= Julie Cellini =

American journalist

Julie Cellini is an American free-lance journalist in Illinois with a writing career spanning over 50 years. She is a former newspaper reporter who has been active in historical and cultural preservation in Central Illinois for over 30 years. In the 1960s, while covering the political news beat, she met and later married Willam F. Cellini, a Springfield, Illinois city council member.

Ms. Cellini serves as a trustee for the Abraham Lincoln Presidential Library and Museum Foundation and serves on the board of the Hope Institute for Children and Families (a private, not-for-profit home, school and treatment center serving children with multiple disabilities and their families). She also serves on the board of the Memorial Medical Center Foundation and the Abraham Lincoln Bicentennial Commission Task Force. She was one of three people who received honorary doctorates at the Illinois College 172nd commencement in 2006.

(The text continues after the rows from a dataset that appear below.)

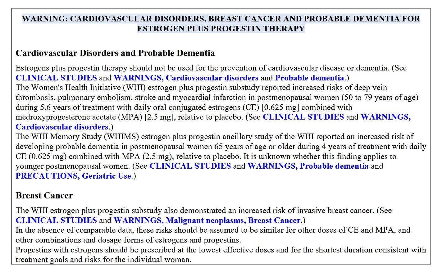 The black box warning was added in 2003, prompted by early results from the Women’s Health Initiative, or WHI. One arm of this massive research endeavor by the National Institutes of Health was the largest ever randomized controlled trial of “hormone replacement therapy,” as it was called in the late 90s, when the trial began. More than 27,000 post-menopausal women were split into two groups, one group given placebo and one group given the standard treatment at the time, a combination of conjugated equine estrogen (yes, derived from horses’ urine) and medroxyprogesterone acetate, a synthetic progestin. A subgroup of women who’d lost their uteri took estrogen only.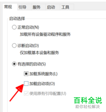 3. 第三步根据下图箭头所指,取消勾选【加载启动项】。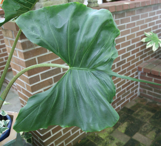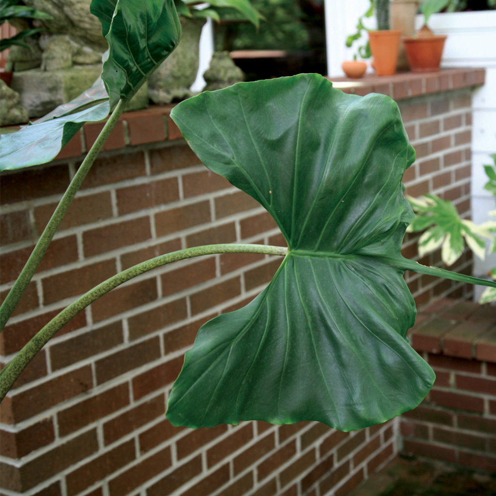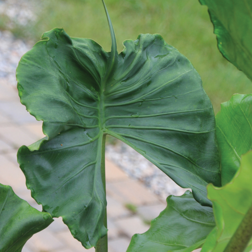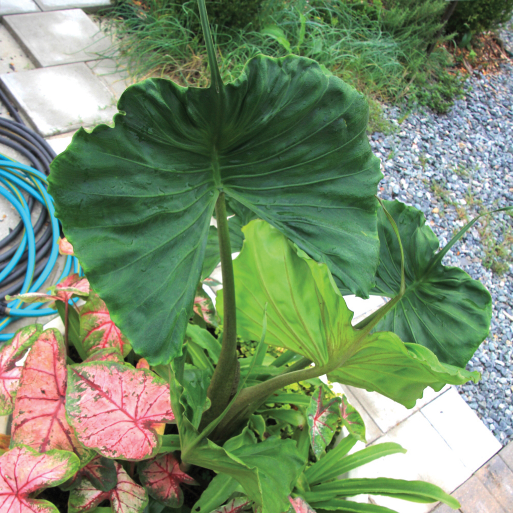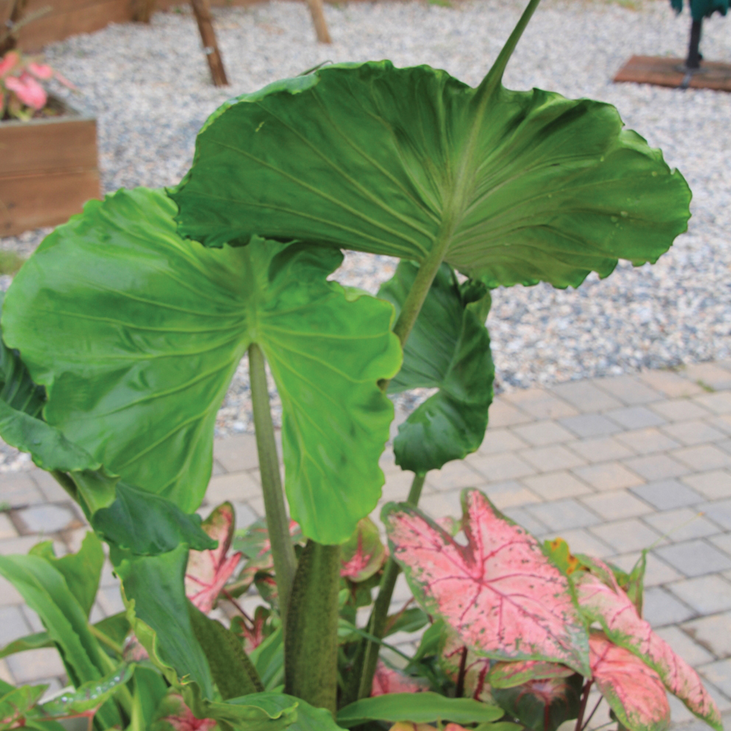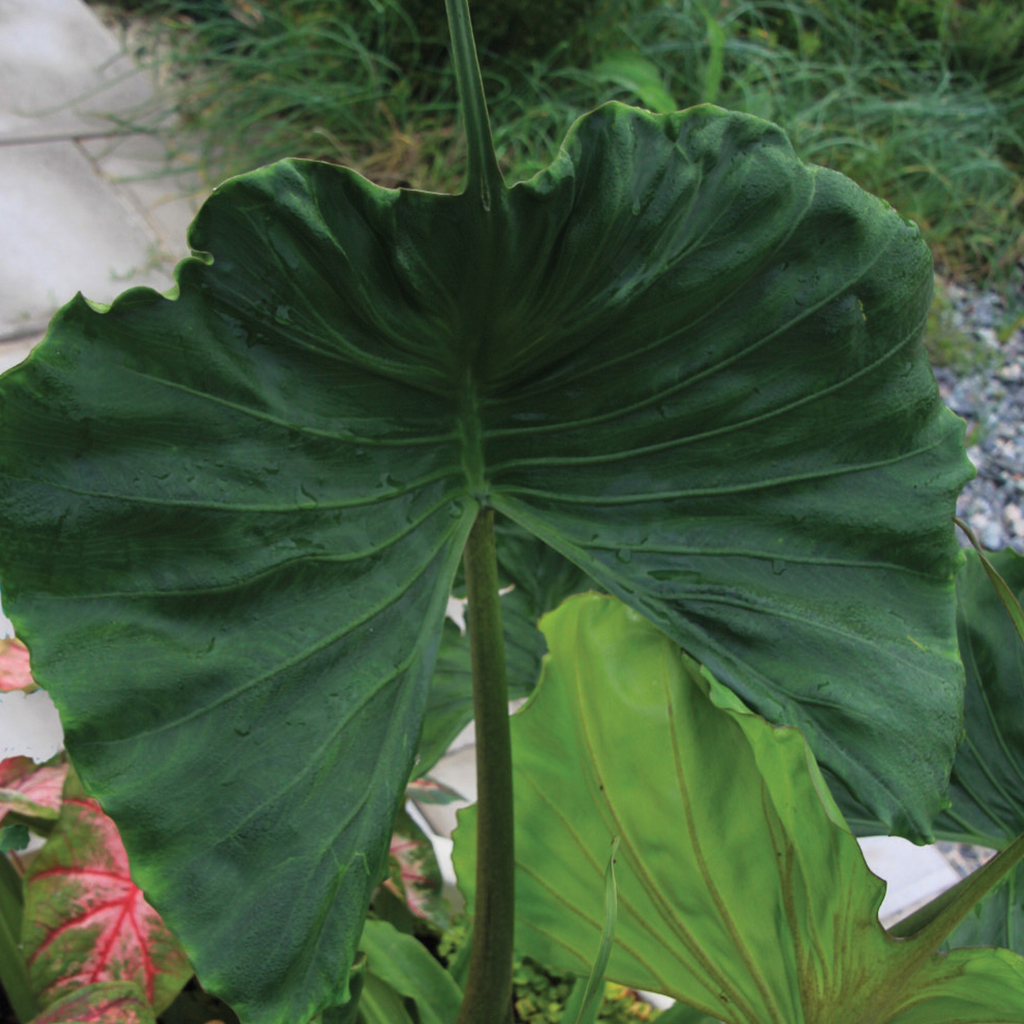 Huge, critter resistant elephant-ear-type leaves which normally point to the heavens, add lots of focal impact in the tropical garden and summer patio containers; native to tropical S. and S.E. Asia, these great plants sway and ‘sing’ a special song in the warm, mid-late summer breezes; performs best in compost rich soil with adequate moisture; will arrive in ~4” pots from tissue culture, indicated by †. (These are best grown in 70º+ soil or start indoors ahead of time on a heat mat.)

As a founding member of the Illinois Historic Preservation Agency, Cellini has been cited as the driving force behind the establishment of the Abraham Lincoln Presidential Library and Museum, a $150 million project that has drawn over two million visitors since its opening, she was awarded the State Journal-Register First Citizen in 2015 for her efforts in the development of the Abraham Lincoln Presidential Museum and Library.

Through her interests in Illinois' history and in the life and presidency of Abraham Lincoln, Illinois Governor James R. Thompson appointed her a trustee to the Illinois State Historical Library in 1981. The library serves as the governance arm of the extensive Lincoln artifact and documents collection. In 1985, Ms. Cellini became chairman of that board as well as for the Library's successor organization, the Illinois State Historical Preservation Agency. Her committee developed a plan to improve public access to the Lincoln collection and its efforts resulted in the opening of the Abraham Lincoln Presidential Library and Museum (ALPLM) in April 2005.

== Awards ==
Julie Cellini was inducted as a Laureate of The Lincoln Academy of Illinois and awarded the Order of Lincoln (the State’s highest honor) by the Governor of Illinois in 2009 as a Bicentennial Laureate.